Из приличия я выждал, а затем покачал головой. Я попытался вызвать у себя благоговение, но, вероятно, безуспешно. Затем я оставил Цезия, воздевающего руки в молитве, пока раб с поджатыми губами запечатывал останки его дочери, изо всех сил стуча молотком по свинцовому краю крышки гроба.
Для меня это имело один результат. Простое любопытство сменилось куда более тяжёлым настроением.
В этом гневном состоянии я взялся за новое дело – вторую римскую девушку, погибшую в Олимпии. Я начал расследование в Риме.
Авл записал несколько фактов. Эту жертву звали Валерия Вентидий. В девятнадцать лет она вышла замуж за Туллия Статиана, порядочного молодого человека из состоятельной семьи, их среднего сына. Семья Туллиев поддерживала старшего сына на выборах в сенат. Ничего подобного Статиану они не планировали, поэтому, возможно, в качестве компромисса его родители подарили жениху и невесте долгое заграничное путешествие.

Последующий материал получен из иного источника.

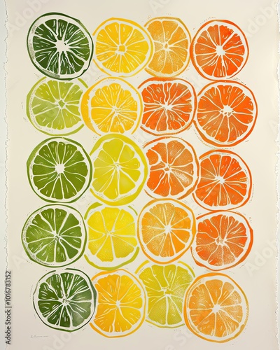 Citrus Fruit Slices on a Light Summer Background: Oranges, Grapefruits, Lemons, Limes

Мне не удалось отследить родню самой Валерии. На Форуме пока не было никаких сплетен об этом деле. Я разыскал Тулли только из-за другого сына, который баллотировался на выборах; писарь в курии неохотно согласился на взятку, чтобы написать адрес. К тому времени, как я туда приехал,
Цезий Секунд проигнорировал мою просьбу, выследил эту семью и опередил меня, чтобы встретиться с родителями жениха.

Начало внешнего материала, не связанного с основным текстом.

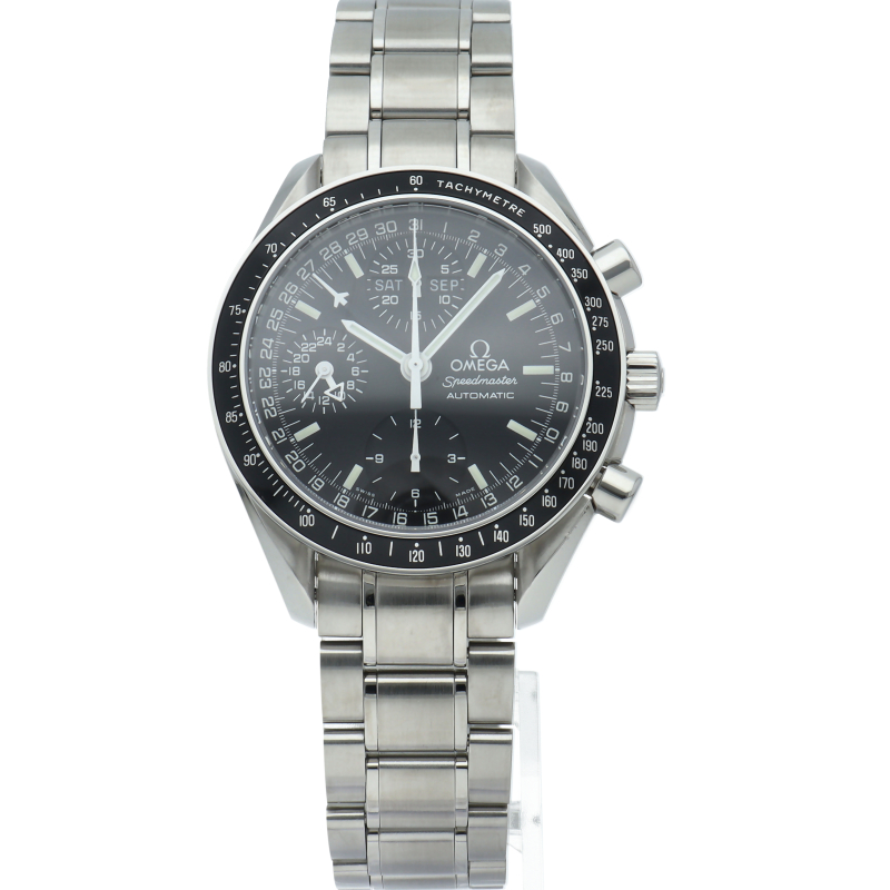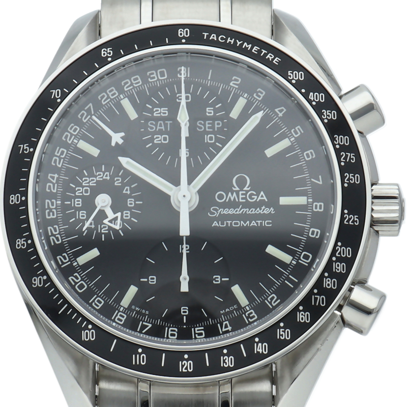 オメガの人気「スピードマスター」。クロノグラフ、月・日・曜日表示機能がついた便利な多機能ウォッチ。スタイルを選ばずにご使用いただける便利な1本。

Это не помогло. Он вообразил, что горе даёт ему возможность войти, и что если в смерти невесты есть что-то неестественное, её новые родственники разделят его негодование. Я мог бы сказать ему, что это маловероятно. Но я был информатором почти два десятилетия и знал, что люди отвратительны. Потеря не улучшает ничью мораль. Она лишь даёт им больше поводов хлопать дверью перед более порядочными людьми. Такими, как Цезий Секунд. Такими, как я.
Туллии жили на Аргилетуме. Эта оживлённая улица, ведущая к северу от курии, претендовала на звание престижного места; однако она пользовалась дурной славой из-за беспорядков и мошенничества, а в местных частных домах, должно быть, часто случались уличные драки и сквернословие. Это говорило нам о том, что семья либо имела слишком грандиозные замыслы, либо имела старые деньги, которые были на исходе.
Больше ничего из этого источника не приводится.